Most GitHub repositories still don't carry a license. This is a problem. Matt Asay explains why.
Open source has never been more pervasive, driving tectonic shifts in mobile, cloud computing, and big data. And yet, open source also remains an afterthought for the legions of coders that flock to GitHub, as new data suggests.
GitHub has made significant efforts to get its developers to thoughtfully license their software, but most developers still don't bother. This can create problems for those that choose to deploy this seemingly unlicensed software.
But rather than eschew the mountains of code being released on GitHub, would-be adopters of GitHub code need to start asking that code be licensed. It may be the only way to change the seemingly permanent shift toward completely open source.
In the beginning was Sourceforge
GitHub is a relative newcomer to source code hosting, but it has quickly become the only credible repository. Sourceforge was the first big code repository, followed by Codehaus, Microsoft's CodePlex, and Google Code, among others.
While CodePlex still shuffles about, Sourceforge gave in to Google Code years ago. Indeed, Google Code looked set to dominate code hosting for a long time, until GitHub hit overdrive. Recently, both Codehaus and Google Code shut down, rendered obsolete by GitHub.
Not that Google is blameless.
According to Andrew Binstock, Editor in Chief of Dr. Dobb's Journal, Google Code was once the industry's developer darling, but Google's missteps made it vulnerable to GitHub:
"When it first came out, [Google Code] was a mecca for new projects, seeded by the many projects of Google employees. It had a fairly low-tech UI, but it was fast and simple to operate. In addition, it had a variety of features that appealed especially to programmers. However, Google moved slowly in improving the site to recognize changing developer preferences. And the company did not update its peculiar UI. And it was less than helpful to user requests. All were crucial missteps."
GitHub, for its part, put developers first, which was arguably its "killer feature." By putting developers first, I mean that GitHub, more than any other code repository, put code first, as an excellent Wired article detailed. Rather than land a developer on some Overview page, GitHub immediately pushes developers into the code, and then makes it easy to fork that code.
But one of the potential pitfalls in this easy experience is that most GitHub developers continue to ignore open source.
The kids don't care
A shift to permissive open-source licensing has been in full gear for many years, as Redmonk analyst Donnie Berkholz captured, but GitHub takes this trend to new levels. Or, as free software luminary Glyn Moody declared, "the logical conclusion of the move to more 'permissive' licences [is] one that permits everything."

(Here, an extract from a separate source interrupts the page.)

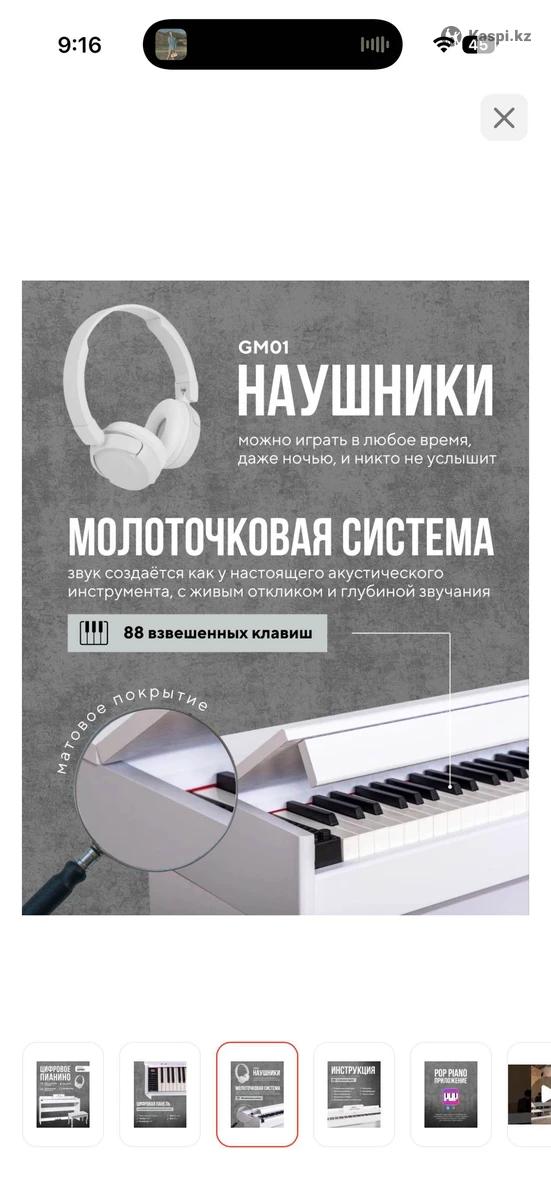 Продам почти новое пианино с банкеткой в отличном состоянии. Почти не использовалась. Молоточковая система, есть Bluetooth, в комплекте идут наушники. Пианино белого цвета
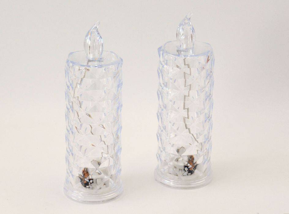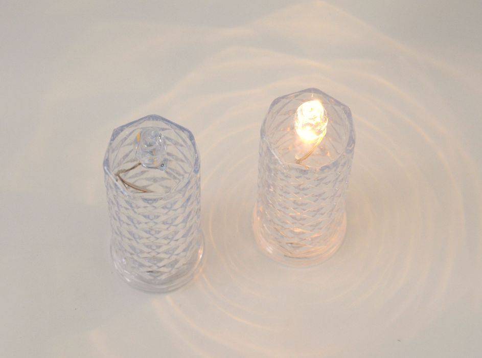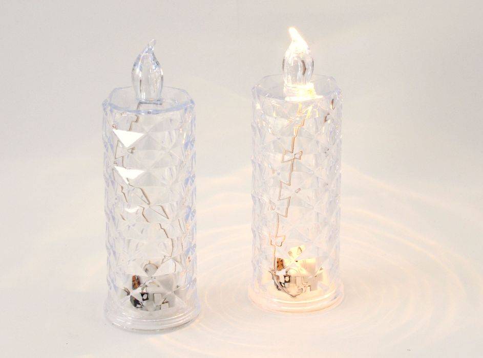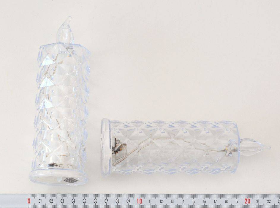 Plastová svítící svíčka s bílým světlem. Barva čirá. Studené světlo. Vhodná pro dekorace, aranžování, ... Průměr 4,5 - 5 cm. Výška 15 cm. Použití na 3 ks baterie AG 10 (LR1130), které jsou součástí.

Which is precisely what GitHub's license data shows.
Two years ago, GitHub released data showing the typical open-source licenses chosen by the millions of projects it hosts--or, rather, the lack thereof.
A mere 14.9% of projects on GitHub in 2013 identified a license at all, as Neil McAllister uncovered. Two years later, things have improved, but not as much as GitHub's Ben Balter wants us to believe.

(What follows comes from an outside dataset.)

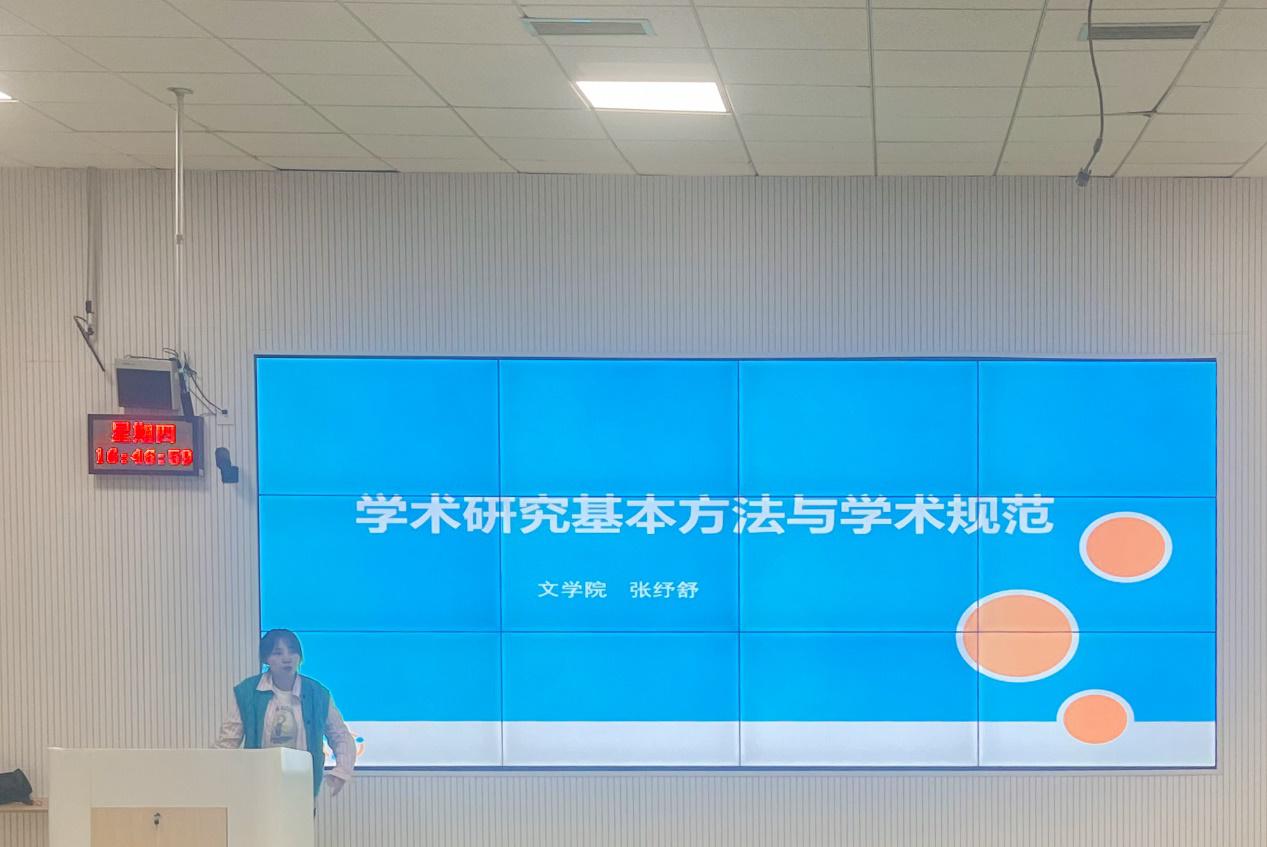 张纾舒的主题是《学术研究基本方法与学术规范》。首先,她向同学们讲述了学术研究基本方法——质化研究方法和量化研究方法,并对质化研究方法中的深度访谈、田野观察、焦点小组等和量化研究方法中的问卷分析和内容分析进行详细解释。此外,她还重点讲解了学术规范中的文献格式问题。

As can be seen in his chart below, GitHub's introduction of choosealicense.com and its license picker helped to reverse a long decline of licensed repositories (that is, code repositories that explicitly identify a license). But what can also be seen is a renewed slide toward licensing anarchy:
Balter said "the results exceeded even my highest open-source expectations." If so, he may need to upgrade his expectations.
After all, it's not as if unlicensed code is, well, unlicensed. All software, whether explicitly licensed or not, carries a copyright. That's just how copyright law works.

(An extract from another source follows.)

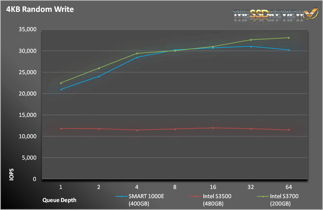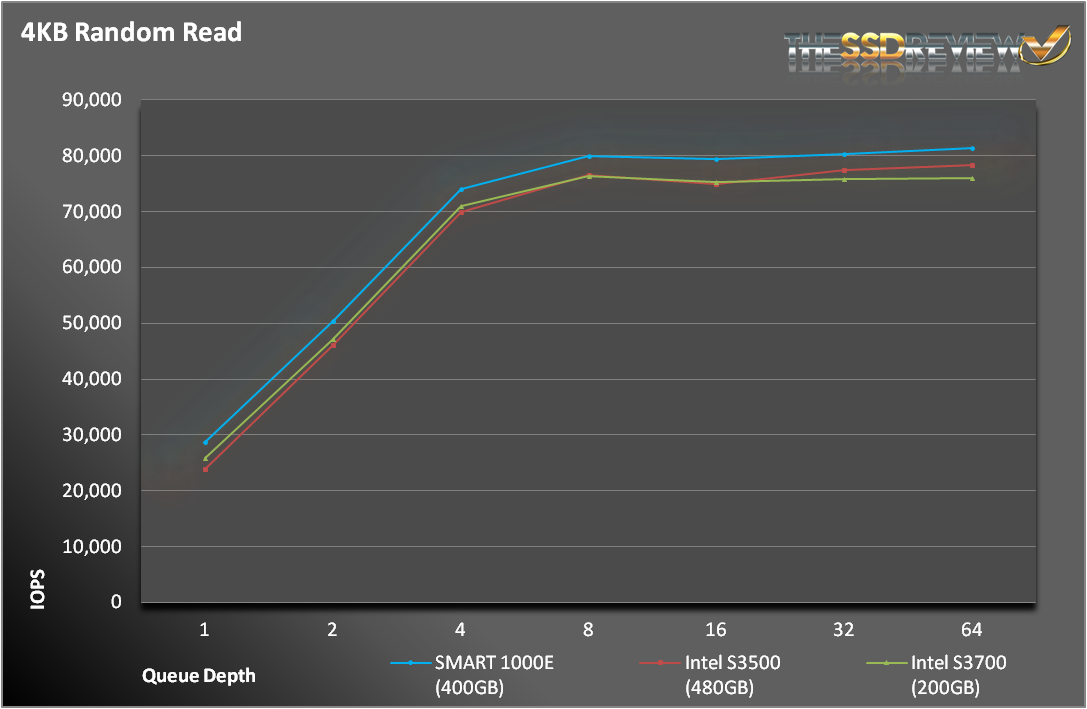 Up until this point, the 1000E and the S3500 have put up comparable numbers. Random 4KB operations is where the 1000E pushes itself into the same class as the Intel S3700. With 30k IOPS available, the 1000E stays right with the S3700 across all queue depths, easily blowing the S3500 out of the water. The 1000E also takes the crown with random reads, with a slight edge over the Intel SSDs.

So, if all this "unlicensed" software actually carries a license, what are the rights of all the millions of developers using that code? Therein lies the problem.
Balter continued, "Developers use GitHub because they want to share their code with the world, and the data suggests that when the tools we use make it a little bit easier, developers do just that. When presented with the option, they choose to license, and they license very permissively."
But that's not really what the data says. The data shows that even when presented with the option to license, the vast majority of GitHub developers don't license their code under any particular license, open source or otherwise. Which means that GitHub remains a morass of software of dubious license parentage.
Should you use it, anyway?
Does this matter? Yes, it absolutely does. But should it keep you and your company from using GitHub software? No, it absolutely does not.
After all, as Berkholz noted, "As projects grow, they tend to sort out any licensing issues, likely because they get corporate users, professional developers, etc." The more popular code, in other words, will generally find its way to a mainstream license, because enough people will get involved that expect mainstream licensing behavior.
But there's another option, and that is to force the change. Would-be contributors or users of a GitHub project can and should ask the code creators to choose a license. It takes very little time and can save a lot of bother later. (Try going through a code review at time of company acquisition if you've elected to deploy a mass of dubiously licensed software in your products. It's not pretty.)
Simply raising the issue will be enough with most project sponsors to get them to choosealicense.com. They may not recognize the importance of doing so until you ask.
So ask. After all, it's your code, too--or can be, with the right license.